How to complete this task: From the line with "Neuzeitliche Reproduktion einer" to the line with "de l’Institut Paris-Région.", retype every line exactly, including those two, and leave out the rest of the data below.

Given data:

^^^^^^^^

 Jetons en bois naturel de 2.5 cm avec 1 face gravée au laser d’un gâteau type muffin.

^^^^^^^^

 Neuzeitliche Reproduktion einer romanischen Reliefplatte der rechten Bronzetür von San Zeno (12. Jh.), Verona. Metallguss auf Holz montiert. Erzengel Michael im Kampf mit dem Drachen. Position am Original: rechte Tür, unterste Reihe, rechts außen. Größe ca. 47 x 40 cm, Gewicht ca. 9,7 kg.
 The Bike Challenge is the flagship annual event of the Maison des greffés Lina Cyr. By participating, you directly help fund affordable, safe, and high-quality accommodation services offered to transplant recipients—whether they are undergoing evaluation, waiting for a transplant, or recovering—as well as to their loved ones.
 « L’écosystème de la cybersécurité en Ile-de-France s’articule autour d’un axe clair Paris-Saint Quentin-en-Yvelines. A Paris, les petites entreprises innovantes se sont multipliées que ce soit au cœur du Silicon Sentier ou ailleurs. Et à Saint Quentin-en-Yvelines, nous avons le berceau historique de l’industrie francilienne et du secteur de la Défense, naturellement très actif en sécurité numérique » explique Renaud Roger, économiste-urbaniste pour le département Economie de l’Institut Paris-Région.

^^^^^^^^

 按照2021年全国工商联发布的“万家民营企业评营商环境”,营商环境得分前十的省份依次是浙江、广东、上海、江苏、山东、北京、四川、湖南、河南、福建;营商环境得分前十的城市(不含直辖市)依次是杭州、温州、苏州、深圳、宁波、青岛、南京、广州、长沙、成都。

^^^^^^^^

Problem solution:
 Neuzeitliche Reproduktion einer romanischen Reliefplatte der rechten Bronzetür von San Zeno (12. Jh.), Verona. Metallguss auf Holz montiert. Erzengel Michael im Kampf mit dem Drachen. Position am Original: rechte Tür, unterste Reihe, rechts außen. Größe ca. 47 x 40 cm, Gewicht ca. 9,7 kg.
 The Bike Challenge is the flagship annual event of the Maison des greffés Lina Cyr. By participating, you directly help fund affordable, safe, and high-quality accommodation services offered to transplant recipients—whether they are undergoing evaluation, waiting for a transplant, or recovering—as well as to their loved ones.
 « L’écosystème de la cybersécurité en Ile-de-France s’articule autour d’un axe clair Paris-Saint Quentin-en-Yvelines. A Paris, les petites entreprises innovantes se sont multipliées que ce soit au cœur du Silicon Sentier ou ailleurs. Et à Saint Quentin-en-Yvelines, nous avons le berceau historique de l’industrie francilienne et du secteur de la Défense, naturellement très actif en sécurité numérique » explique Renaud Roger, économiste-urbaniste pour le département Economie de l’Institut Paris-Région.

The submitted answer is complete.